The association is now asking Ottawa to apply for a small portion of the new tourism fund – approximately $ 6.6 million and $ 200,000 for each business. The appeal has come now because critical funding is coming through the Canada Emergency Wage Subsidy (CEWS) and Canada Emergency Rent Subsidy (CERS) programs began to relax Beginning of July. There are no sales proceeds to replace it as cross-border tourism to the US by road does not remain, but some easing of the restrictions from July 21st looks possible.

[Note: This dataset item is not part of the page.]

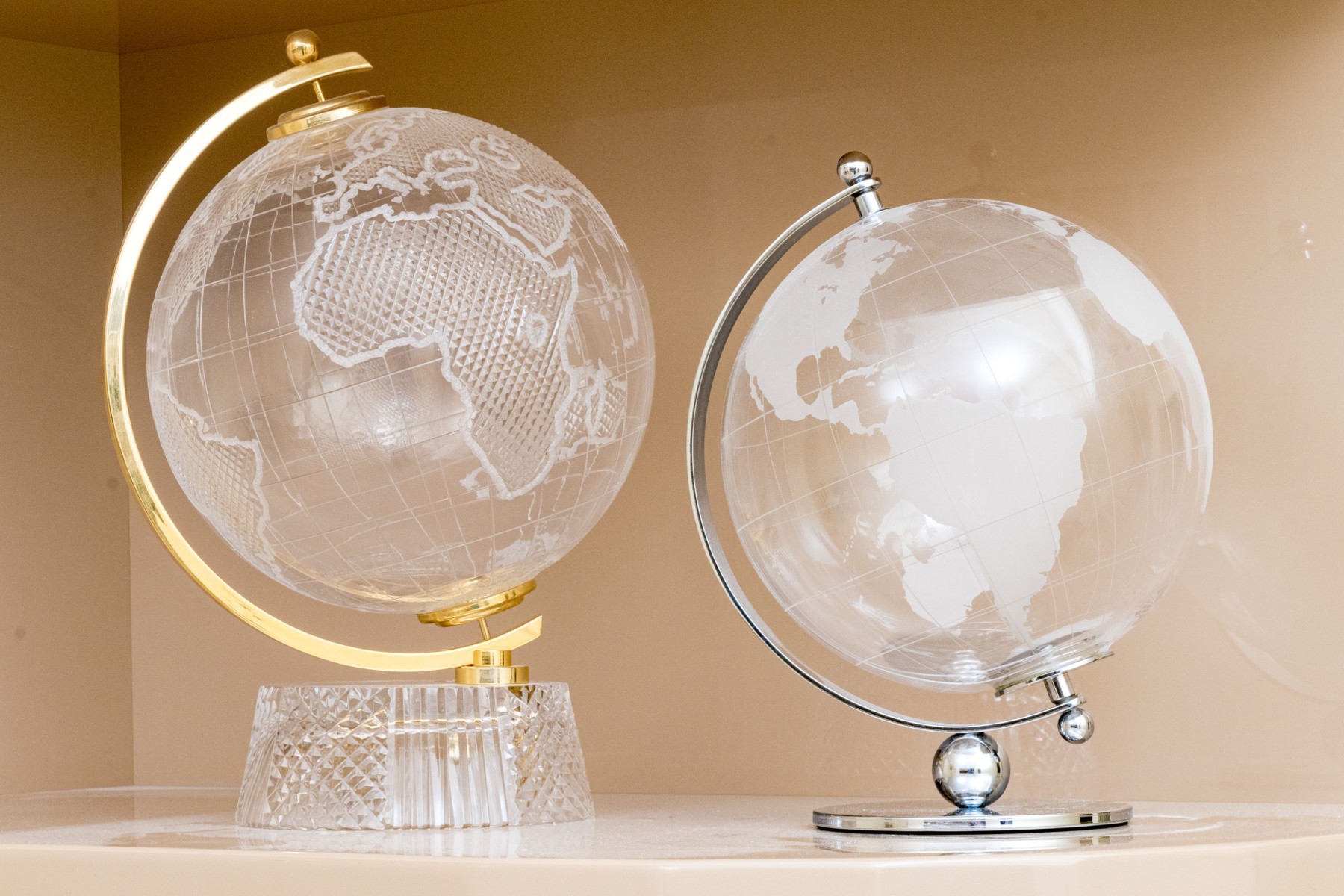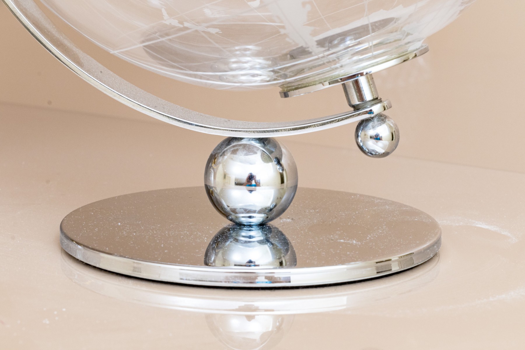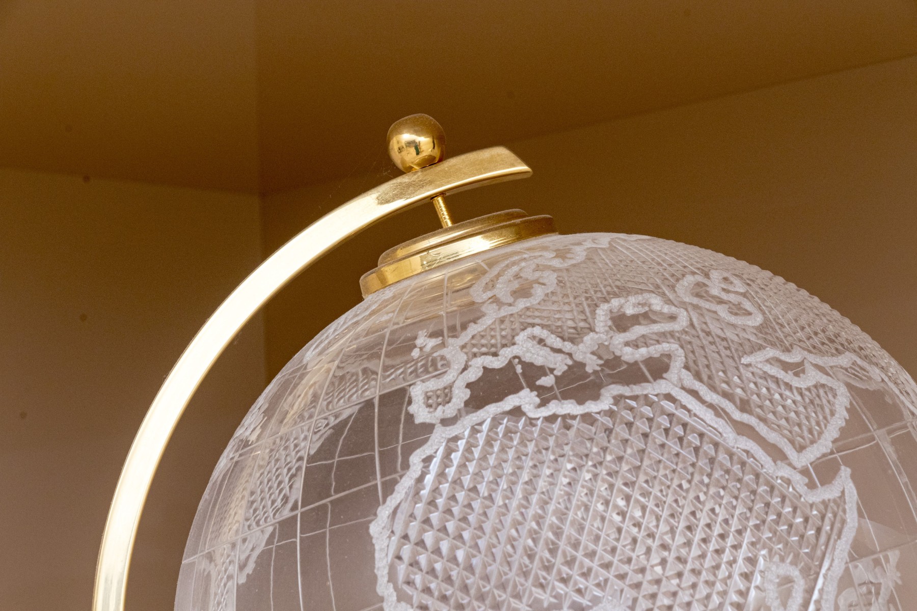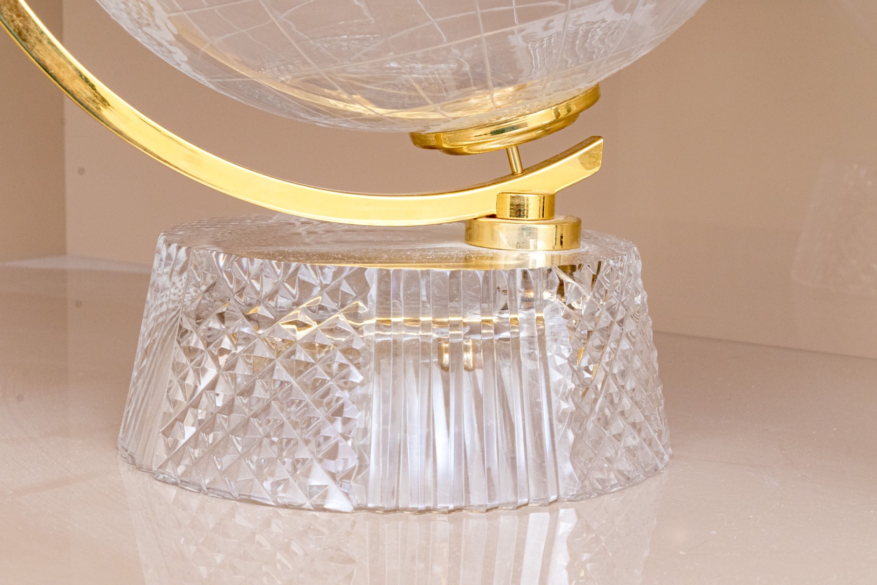 A fabulous duo of elegant tabletop globes in glass and crystal with wonderful mid century and Hollywood Regency appeal. The first is a 1970's globe on a cut crystal base with finely cut and etched designs and gilt accents. The second is a simpler globe on a delightful chrome base.

In a Zoom appeal on Wednesday, FDFA Executive Director Barbara Barrett said: “Without CEWS and CERS we will be decimated and may never fully recover. This means that small border communities can no longer support tourism and will ultimately disintegrate. Without exaggeration, our stores are in critical condition. ”

“A question of fairness”

Duty-free retailers on the border argue that they closed to protect Canadians and it is now up to the government to protect the fragile businesses on “fair grounds,” Barrett said. She told me: “So far, no border shops have had to close permanently, but many are on the sidelines.”

The FDFA also requires export labeling. As a highly regulated pure export company, every product and person entering duty-free border stores must travel to the United States. However, the shops are subject to national guidelines – for example with regard to strict regulations on alcohol labeling – which can be annoying and often unnecessary and can also lead to lost sales.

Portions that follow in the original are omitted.